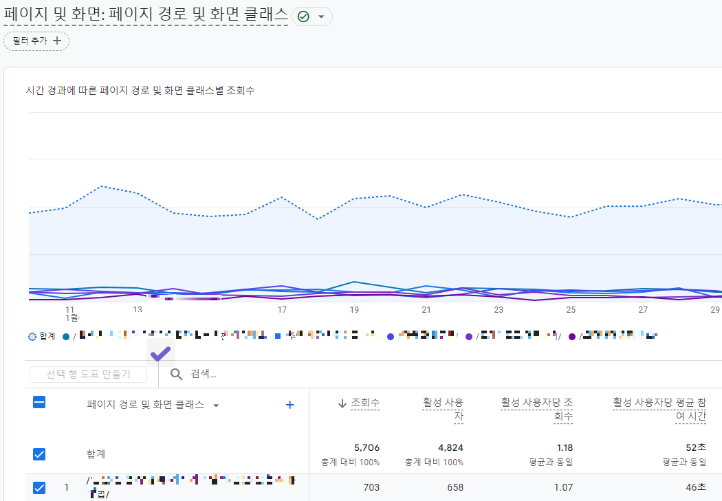 1. 보고서 > 수명 주기 > 참여도 > 페이지 및 화면 메뉴로 들어간다.
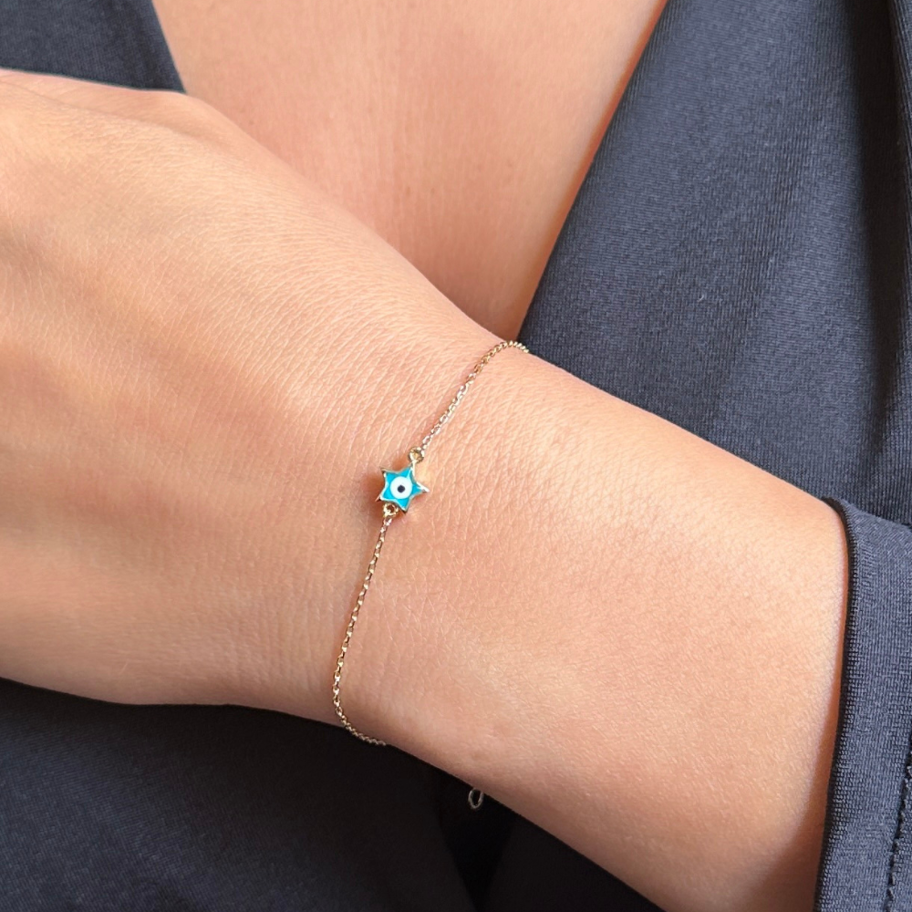 صُنع هذا السوار الرائع ببراعة من الذهب الأصفر الخالص عيار 18 قيراطًا، ويتميز بتصميم نجمة صغيرة وعين رقيقة مرصعة بأحجار كريمة زرقاء فيروزية. يجمع هذا السوار بين الأناقة والحماية، وهو قطعة أساسية لأي امرأة عصرية.
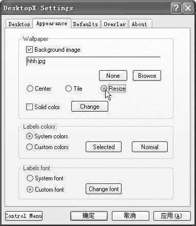 4.在“DesktopX Settings”窗口中选择“Appearance”(外观)选项卡,接着在“Wallpaper”框中勾选“Background image”,点击“Browse”按钮,弹出“打开”对话框,在指定的文件夹中选择白鹭发来的火花海照片,点击“打开”按钮,返回到“Appearance”选项卡,选择“Resize”选项,让图片覆盖整个桌面(图5)。

| TASK TO COMPLETE |
Give the data above again in full and unchanged, skipping the pictures.

| SOLVED EXERCISE |
 1. 보고서 > 수명 주기 > 참여도 > 페이지 및 화면 메뉴로 들어간다.
 صُنع هذا السوار الرائع ببراعة من الذهب الأصفر الخالص عيار 18 قيراطًا، ويتميز بتصميم نجمة صغيرة وعين رقيقة مرصعة بأحجار كريمة زرقاء فيروزية. يجمع هذا السوار بين الأناقة والحماية، وهو قطعة أساسية لأي امرأة عصرية.
 4.在“DesktopX Settings”窗口中选择“Appearance”(外观)选项卡,接着在“Wallpaper”框中勾选“Background image”,点击“Browse”按钮,弹出“打开”对话框,在指定的文件夹中选择白鹭发来的火花海照片,点击“打开”按钮,返回到“Appearance”选项卡,选择“Resize”选项,让图片覆盖整个桌面(图5)。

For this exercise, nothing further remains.